2 This adverse reaction was identified through post-marketing surveillance but not observed in randomised, controlled clinical trials in adults. The frequency category was estimated from a statistical calculation based upon 1,576 patients receiving Neulasta in nine randomised clinical trials.
Description of selected adverse reactions
Uncommon cases of Sweet's syndrome have been reported, although in some cases underlying haematological malignancies may play a role.
Uncommon events of cutaneous vasculitis have been reported in patients treated with pegfilgrastim.

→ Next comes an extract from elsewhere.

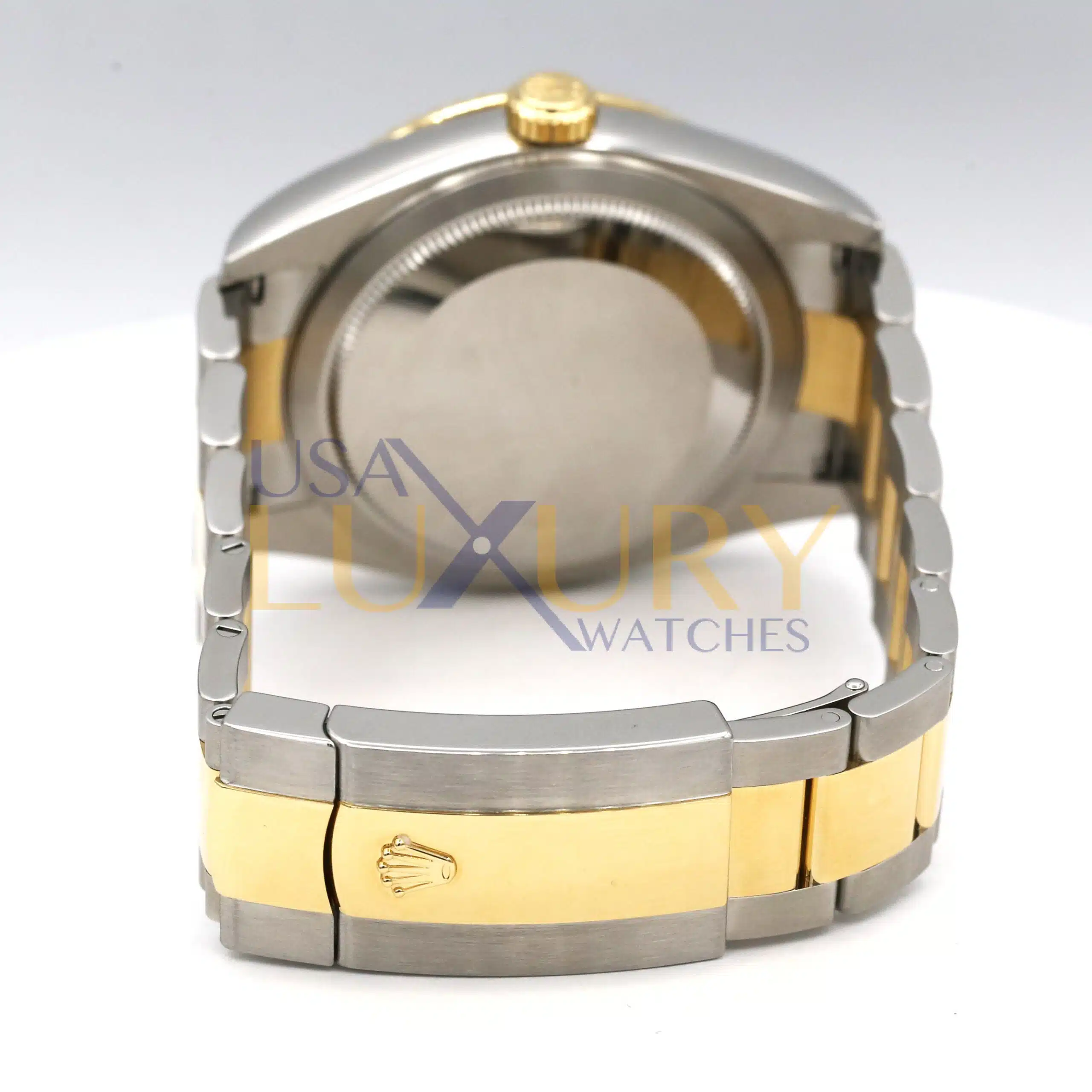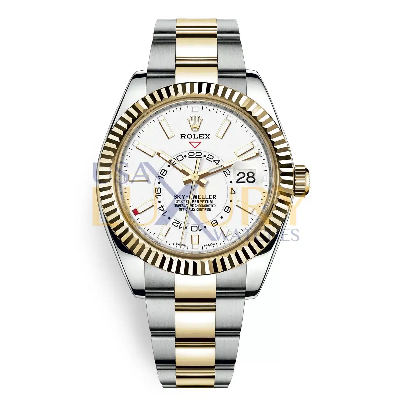 42mm yellow Rolesor case comprised of a 904L steel monobloc middle case, screw-down back, screw-down crown, 18K yellow gold fluted bezel with bidirectional rotatable Rolex Ring Command, scratch-resistant sapphire crystal with cyclops lens over the date and double anti-reflective coating, white dial, index hour markers.

The mechanism of vasculitis in patients receiving pegfilgrastim is unknown.
Injection site reactions, including injection site erythaema (uncommon) as well as injection site pain (common) have occurred on initial or subsequent treatment with pegfilgrastim.
Application site reactions (including events such as haemorrhage, pain, discomfort, bruise, and erythaema) have been reported with the use of the on-body injector.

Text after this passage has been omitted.